Club President Melanie DeLuca asks GT Member Bob Erickson about the benefits of supporting Rotary using Qualified Minimum Distributions from an IRA
.
Melanie: Bob – as a person who has served as a CFO for multiple organizations and treasurer for many – I really value your financial wisdom and would love to have you share more about how our members who are 70.5 years of age or older can give to our club foundation or TRF (the Rotary Foundation) and save on their taxes.
Bob: Once you have reached 70.5 years of age, members should consider making charitable contributions as Qualified Charitable Distributions from your IRA. When you make Qualified Charitable Distributions from your IRA, you exclude these contributions from your taxable income although you do not receive a charitable contribution deduction. In 2025, an individual may exclude up to $105,000 and a married couple may exclude $210,000. These Qualified Charitable Contributions also count as fulfilling your Required Minimum Distribution when you become 72.

Melanie: What kinds of organizations qualify?
Bob: To qualify as a Qualified Charitable Distribution, the funds must go directly to a 501(c)(3) Charity. Rotary Clubs are not 501(c)(3) organizations, but many clubs have created a 501(c)(3) foundation. Global Travelers is based in Rotary District 5950 which has a 501(c)(3) foundation that can accept donations on behalf of our club since we are a young club and have not yet established our own foundation.
Also, the Rotary Foundation (TRF) is a 501(c)(3) organization and you can also make your contribution to TRF as a Qualified Charitable Distribution. When you make a Qualified Charitable Distribution, the charity must receive funds directly from your IRA before December 31. The charity receiving your Qualified Charitable Distribution must provide you a written acknowledgment by April 15 of the following year for you to claim the Qualified Charitable Distribution on your tax return.
Melanie: Are there different rules depending on what financial institution your IRA is with?

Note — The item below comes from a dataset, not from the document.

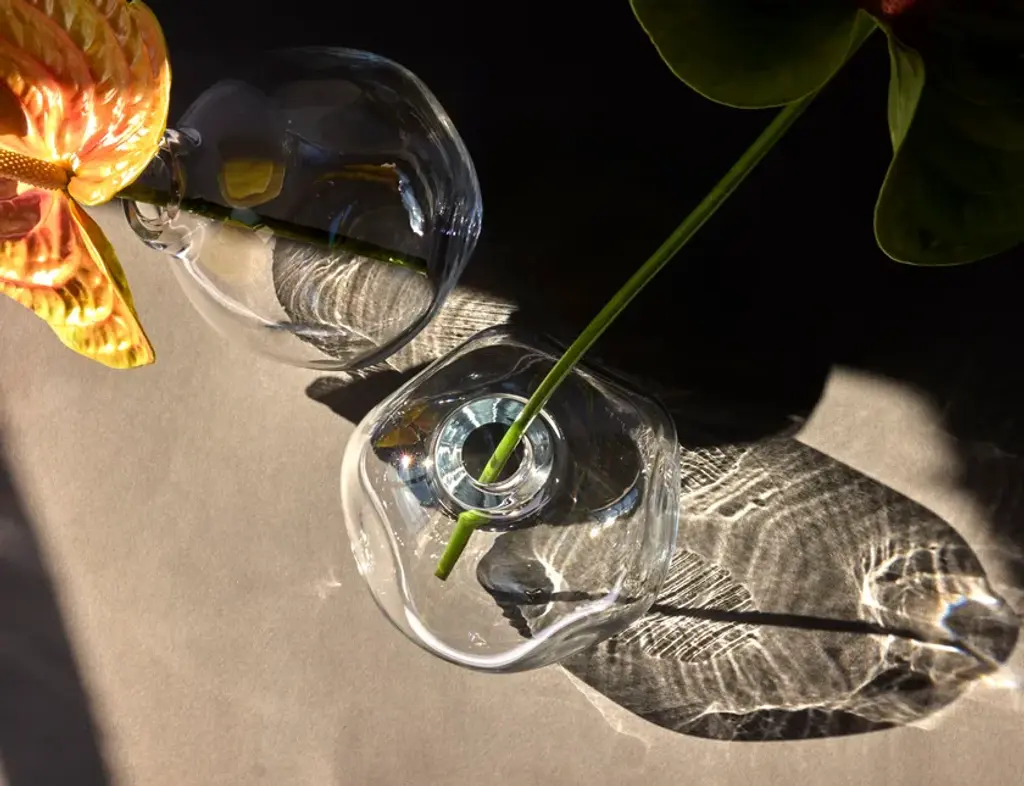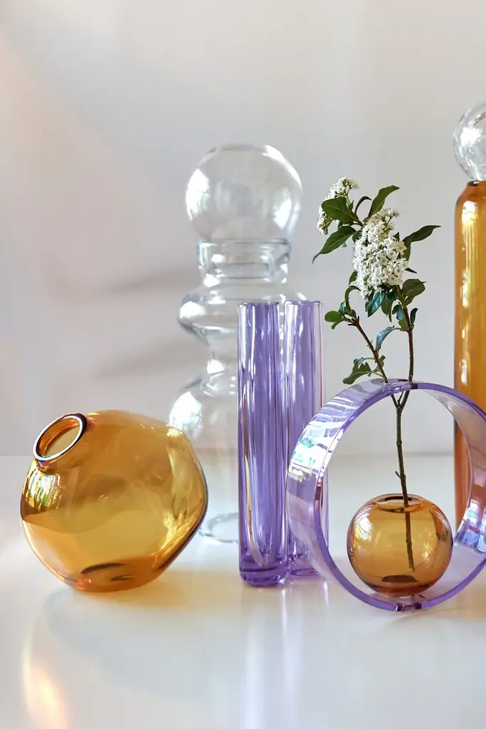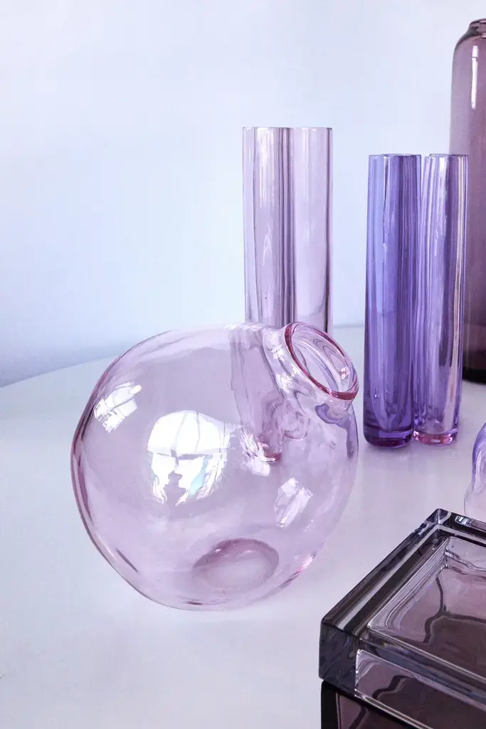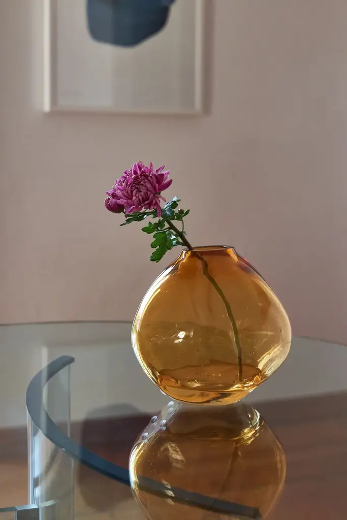 NUVOLA is a blown glass vase.It can serve both as a sculptural crystal object and a flower vase. Each Nuvola is made perfectly round and then dented by hand one by one, guaranteeing its uniqueness and stability. A crystal pieced artfully created with the traditional hand-blowing technique. The purity of the crystal reflects the light, illuminating the interior in which it is placed. Variations in color or small details are the result of the craftsmanship of this article and make each piece unique.Featureshand-blown and shaped in Italycolor: pink or amber or transparentmaterial: pure lead crystal glass

Bob: Each financial institution has different rules for making Qualified Charitable Distributions. You will need to consult with them about required procedures. My wife and I make most of our charitable donations as Qualified Charitable Distributions. Unless you have high mortgage interest or extremely high medical expenses, you probably no longer generate a tax deduction for you charitable contributions under current tax law. Most people now take the standard deduction instead. Excluding Qualified Charitable Distributions from taxable income can be much more advantageous than receiving a deduction for charitable contributions. This is a good time of year to discuss this with your financial advisor or tax preparer. It is important to note that this was written from the perspective of a Minnesota, USA resident.
Melanie: Bob – I want to thank you for sharing your financial wisdom and for the dedication you and Nancy have made to Rotary Giving!